EXERCISE GOAL:
Your task is to repeat all of the data exactly while excluding the pictures.

MATERIAL SHOWN:
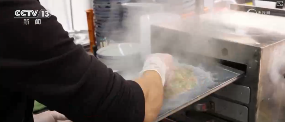 腸粉店老板陳軒豪介紹,米漿里水的比例也很關(guān)鍵,他們會根據(jù)當(dāng)天的天氣進行調(diào)整,比如天氣炎熱潮濕的時候,就需要少放一點水,不然蒸出來口感就會比較軟爛。夏天還會放一些冰,防止米漿變質(zhì)。
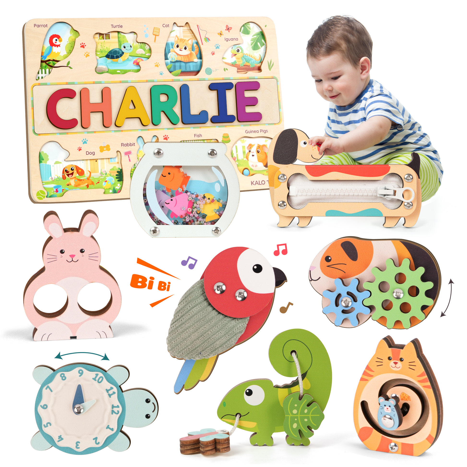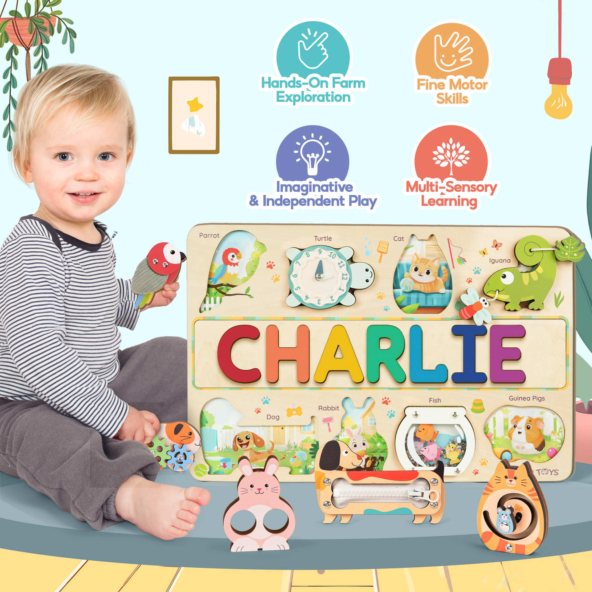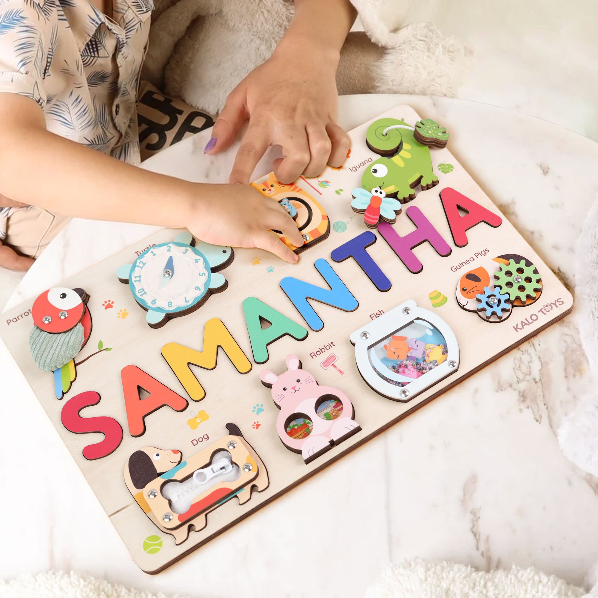 This adorable customizable pet puzzle board combines your child’s own name with a colorful world of interactive animals. Each piece offers a unique sensory experience — from zippers and gears to sounds and textures — designed to spark creativity, independence, and early learning through play.
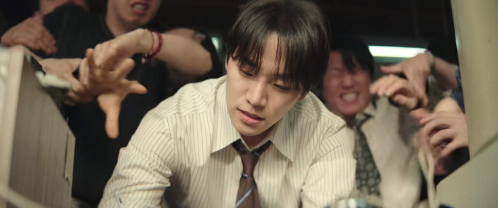 So the team decides to break into his office to snoop. Naturally, they run into Seon-taek, who is also snooping. Then chaos erupts — fights, chases, dramatic screams — it’s practically a low-budget Avengers crossover.
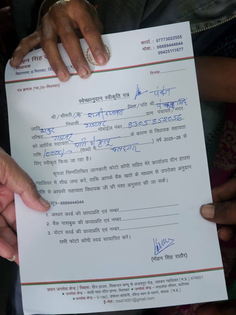विधानसभा भितरवार ग्राम गड़ाजर में श्री भगवंत पवैया जी के पिताजी के एवं श्री प्रेमनारायण शर्मा जी के भाई एवं श्री विजय सिंह राजावत जी के सुपुत्र स्व. पंकज राजावत जी के निधन की सुचना मिलने पर उनके निवास पर पहुँचकर शोक संवेदना व्यक्त की एवं उनकी पत्नी रानी राजावत जी को विधायक स्वेच्छानुदान निधि से 10000 रूपए की राशि लेटर द्वारा प्रदान की ईश्वर से प्रार्थना है कि दिवंगत आत्मा को अपने श्रीचरणों में विश्रांति प्रदान करें। ॐ शांति ॐ
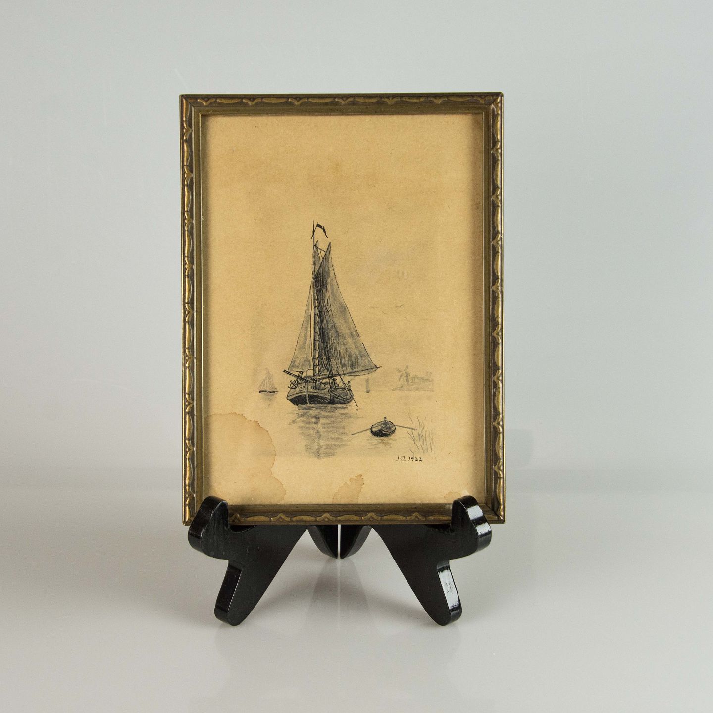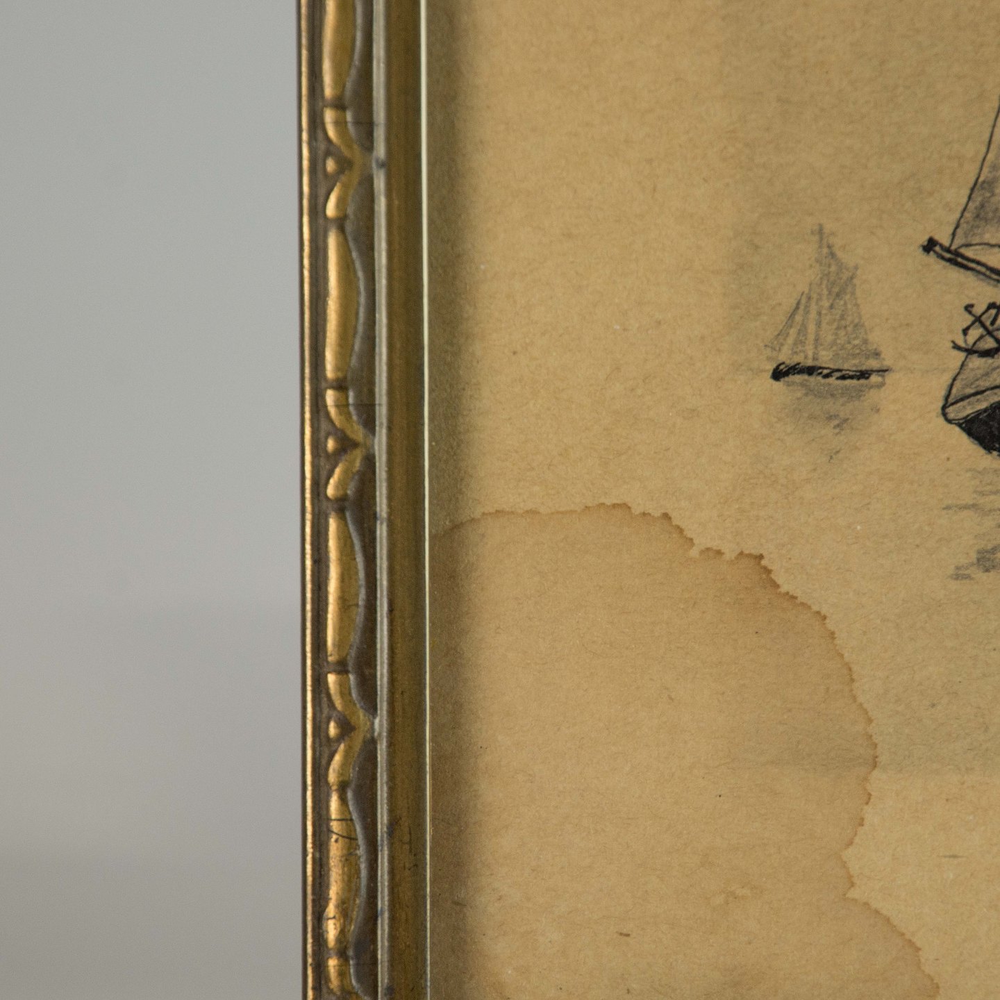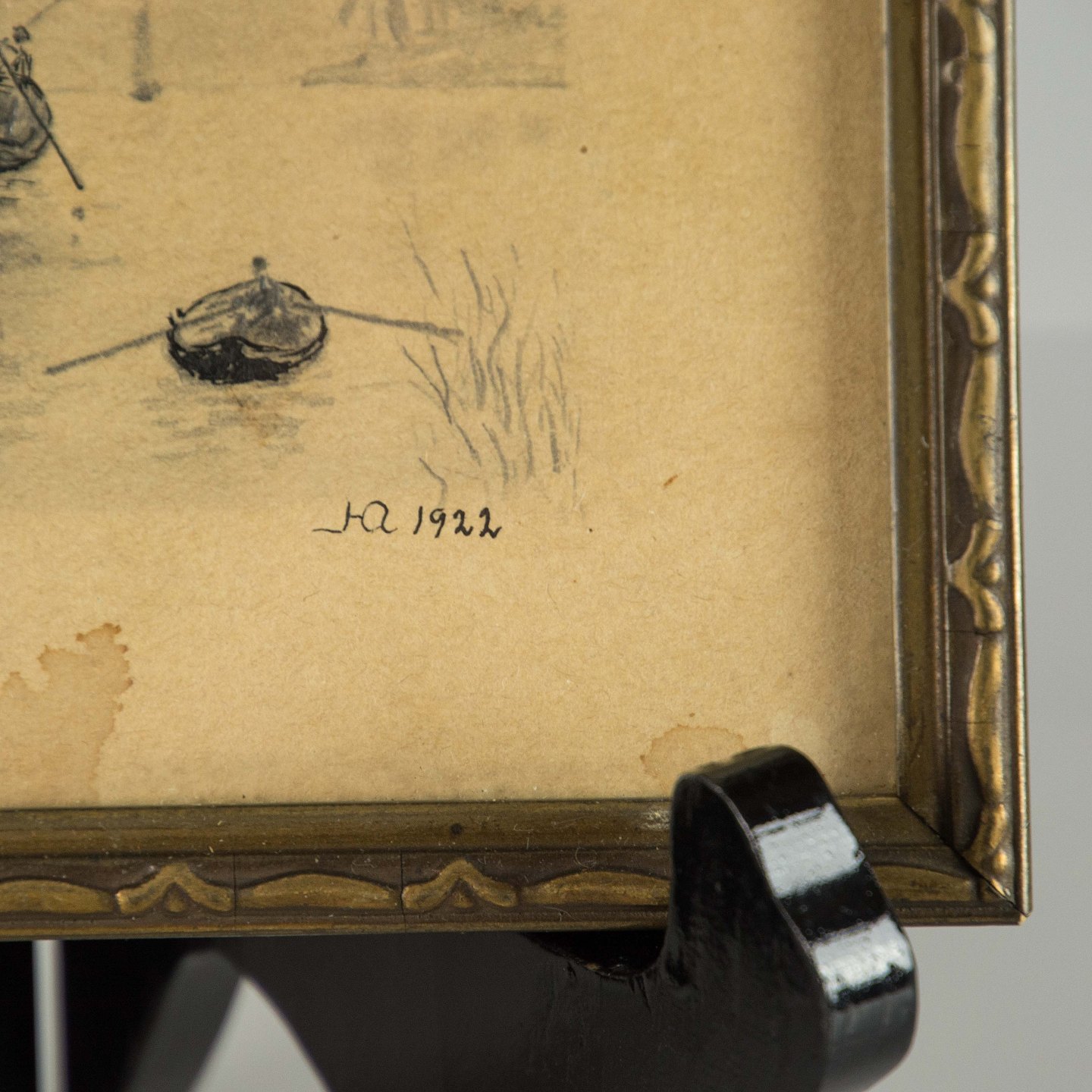 God stand med brugsspor på rammen og vandmærker i kant af billedet.
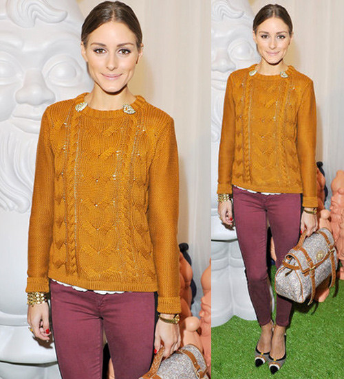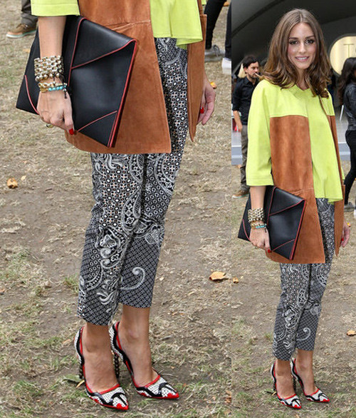 ![]() 上裝:Simonetta Ravizza 螢光色如何入秋?利用麂皮或羊毛等明顯季節特色的材質來搭配,就可以有全新的換季感。繽紛高跟鞋也不要錯過。 ![]() 外套:Dior 萬能搭配物件毫無疑問是手腕上的金表,出現在任何搭配上都好看。 毛衣:BB Dakota 最妙的是她別在毛衣上的“胸針”,如果沒看錯,應該是對耳環吧。 在同一天,Olivia換了另外一身行頭,鞋子、手鐲和耳環胸針都沒換,翠綠嫩黃真醒目。 長裙:Reiss 腰帶:Hermes 高跟鞋:Valentino 平價貴价的混搭之作,俏皮的腰帶打結一定要學起來! |
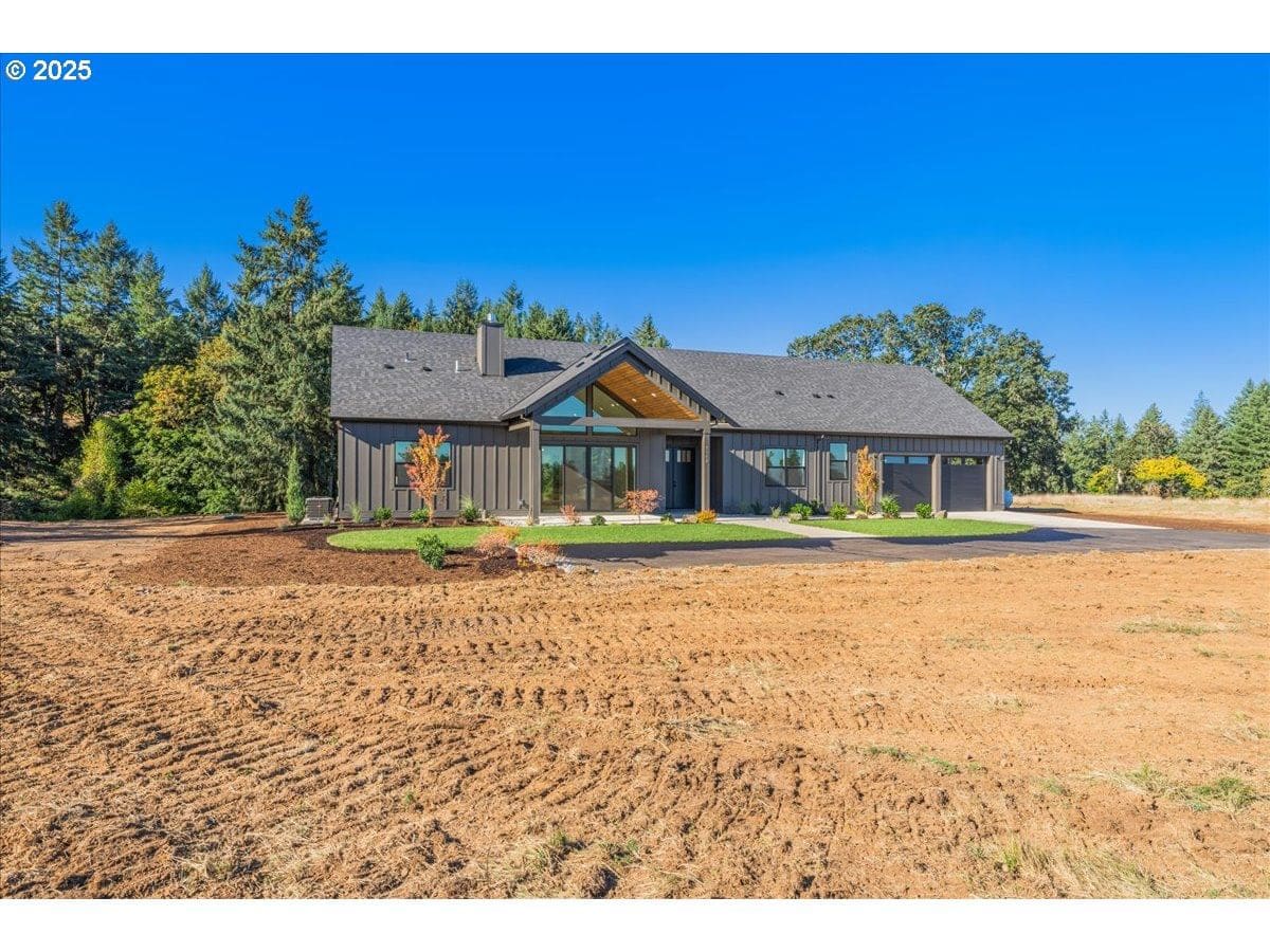 Welcome to this stunning single-level Mascord “Tiffany” plan, newly built by streets of dreams builder, Del Boca Vista. This home is perfectly sited on 4 usable acres in the heart of Oregon wine country. Located on SE Eola Hills Road in Amity, this designer home blends timeless architecture with modern finishes and thoughtful details throughout.The 2,310 sq ft floor plan offers effortless main-level living with soaring ceilings, wide hallways, and an open concept great room that seamlessly connects to the covered outdoor living area—ideal for entertaining year-round. The chef’s kitchen features a large quartz-topped island, custom cabinetry, walk-in pantry, and high-end appliances.The split bedroom design ensures privacy, with a luxurious primary suite boasting a spa-like bath, walk-in shower, soaking tub, and expansive closet. Designer lighting, white oak flooring, and curated finishes give the home a refined yet welcoming feel.The oversized 3-car garage with shop space is perfect for hobbyists or extra storage. Outdoors, you’ll enjoy room for gardens, animals, or simply soaking in the sweeping views of rolling hills and vineyards that define this sought-after location.All this just minutes to Amity, McMinnville, and Newberg, with quick access to renowned wineries, farm-to-table dining, and the charm of Oregon wine country. A rare opportunity to own a brand-new custom home on acreage in one of the Valley’s most desirable settings.
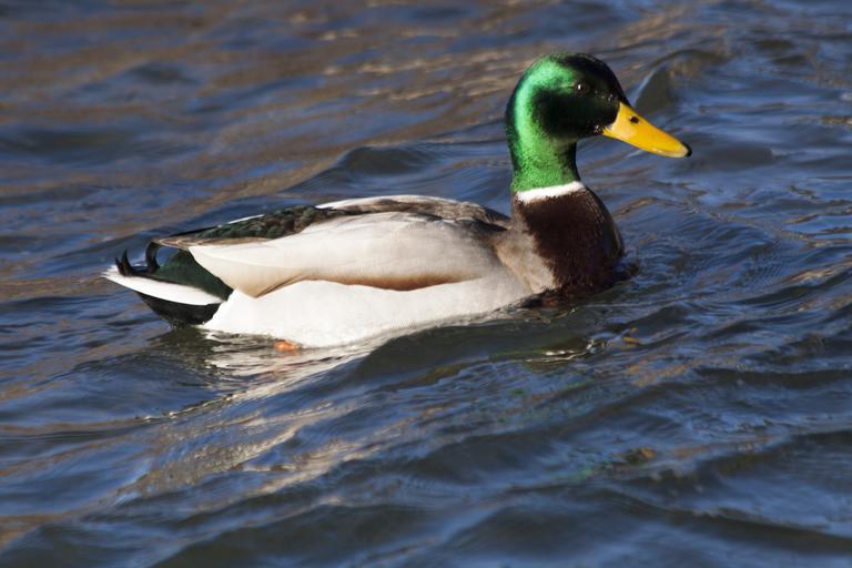 Keywords: mallard anas platyrhynchos drake bill yellow duck bird animal water swim lake mirroring
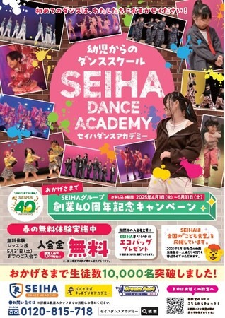 全国で子ども向けスクールを展開する株式会社セイハダンスアカデミー(福岡県福岡市,代表取締役:坂口 正美,以下セイハダンスアカデミー)は、2025年4月1日(火)より「春のキャンペーン」を実施中です。創業40周年を記念した特別企画として、入会金無料&SEIHAオリジナルエコバッグをプレゼント。お得に始められるこの春、ぜひお近くの教室で体験レッスンを!
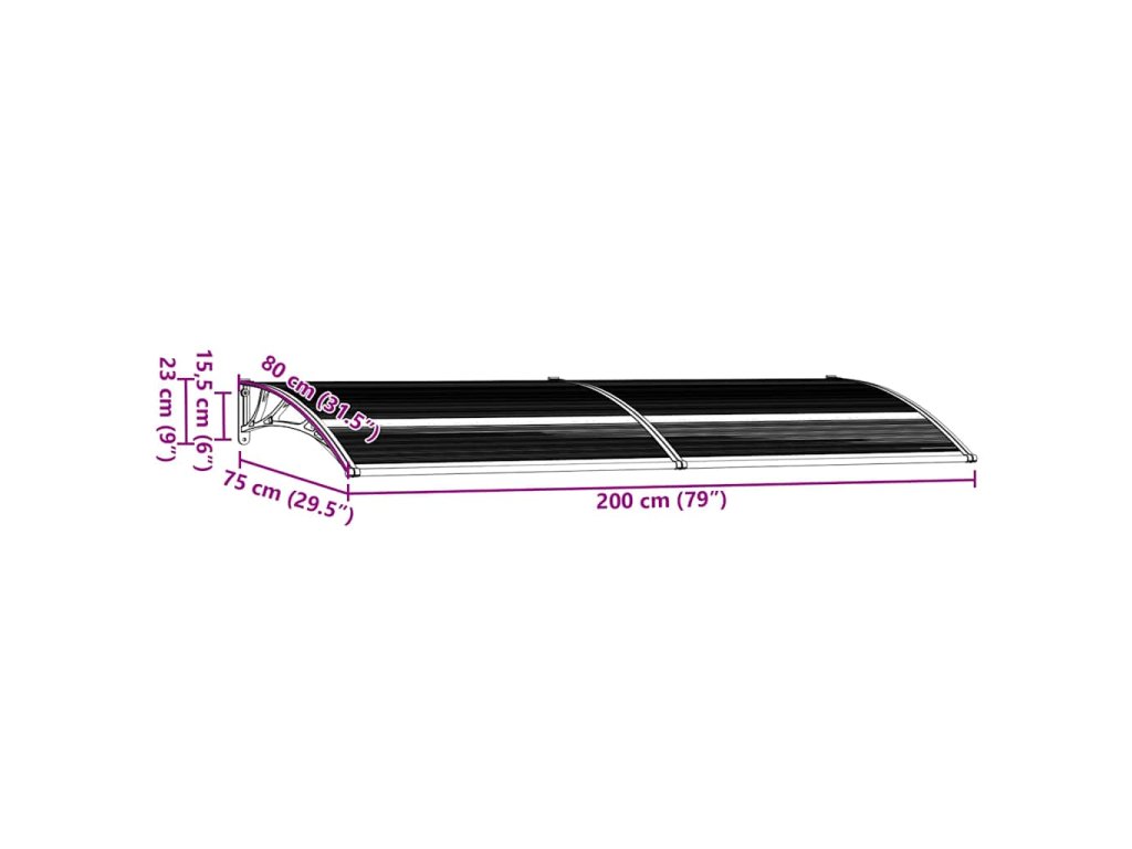 Vchodová stříška černá 200 x 75 cm polykarbonát 144825

FINISHED EXERCISE:
 腸粉店老板陳軒豪介紹,米漿里水的比例也很關(guān)鍵,他們會根據(jù)當(dāng)天的天氣進行調(diào)整,比如天氣炎熱潮濕的時候,就需要少放一點水,不然蒸出來口感就會比較軟爛。夏天還會放一些冰,防止米漿變質(zhì)。
 This adorable customizable pet puzzle board combines your child’s own name with a colorful world of interactive animals. Each piece offers a unique sensory experience — from zippers and gears to sounds and textures — designed to spark creativity, independence, and early learning through play.
 So the team decides to break into his office to snoop. Naturally, they run into Seon-taek, who is also snooping. Then chaos erupts — fights, chases, dramatic screams — it’s practically a low-budget Avengers crossover.
विधानसभा भितरवार ग्राम गड़ाजर में श्री भगवंत पवैया जी के पिताजी के एवं श्री प्रेमनारायण शर्मा जी के भाई एवं श्री विजय सिंह राजावत जी के सुपुत्र स्व. पंकज राजावत जी के निधन की सुचना मिलने पर उनके निवास पर पहुँचकर शोक संवेदना व्यक्त की एवं उनकी पत्नी रानी राजावत जी को विधायक स्वेच्छानुदान निधि से 10000 रूपए की राशि लेटर द्वारा प्रदान की ईश्वर से प्रार्थना है कि दिवंगत आत्मा को अपने श्रीचरणों में विश्रांति प्रदान करें। ॐ शांति ॐ
 God stand med brugsspor på rammen og vandmærker i kant af billedet.
 ![]() 上裝:Simonetta Ravizza 螢光色如何入秋?利用麂皮或羊毛等明顯季節特色的材質來搭配,就可以有全新的換季感。繽紛高跟鞋也不要錯過。 ![]() 外套:Dior 萬能搭配物件毫無疑問是手腕上的金表,出現在任何搭配上都好看。 毛衣:BB Dakota 最妙的是她別在毛衣上的“胸針”,如果沒看錯,應該是對耳環吧。 在同一天,Olivia換了另外一身行頭,鞋子、手鐲和耳環胸針都沒換,翠綠嫩黃真醒目。 長裙:Reiss 腰帶:Hermes 高跟鞋:Valentino 平價貴价的混搭之作,俏皮的腰帶打結一定要學起來! |
 Welcome to this stunning single-level Mascord “Tiffany” plan, newly built by streets of dreams builder, Del Boca Vista. This home is perfectly sited on 4 usable acres in the heart of Oregon wine country. Located on SE Eola Hills Road in Amity, this designer home blends timeless architecture with modern finishes and thoughtful details throughout.The 2,310 sq ft floor plan offers effortless main-level living with soaring ceilings, wide hallways, and an open concept great room that seamlessly connects to the covered outdoor living area—ideal for entertaining year-round. The chef’s kitchen features a large quartz-topped island, custom cabinetry, walk-in pantry, and high-end appliances.The split bedroom design ensures privacy, with a luxurious primary suite boasting a spa-like bath, walk-in shower, soaking tub, and expansive closet. Designer lighting, white oak flooring, and curated finishes give the home a refined yet welcoming feel.The oversized 3-car garage with shop space is perfect for hobbyists or extra storage. Outdoors, you’ll enjoy room for gardens, animals, or simply soaking in the sweeping views of rolling hills and vineyards that define this sought-after location.All this just minutes to Amity, McMinnville, and Newberg, with quick access to renowned wineries, farm-to-table dining, and the charm of Oregon wine country. A rare opportunity to own a brand-new custom home on acreage in one of the Valley’s most desirable settings.
 Keywords: mallard anas platyrhynchos drake bill yellow duck bird animal water swim lake mirroring
 全国で子ども向けスクールを展開する株式会社セイハダンスアカデミー(福岡県福岡市,代表取締役:坂口 正美,以下セイハダンスアカデミー)は、2025年4月1日(火)より「春のキャンペーン」を実施中です。創業40周年を記念した特別企画として、入会金無料&SEIHAオリジナルエコバッグをプレゼント。お得に始められるこの春、ぜひお近くの教室で体験レッスンを!
 Vchodová stříška černá 200 x 75 cm polykarbonát 144825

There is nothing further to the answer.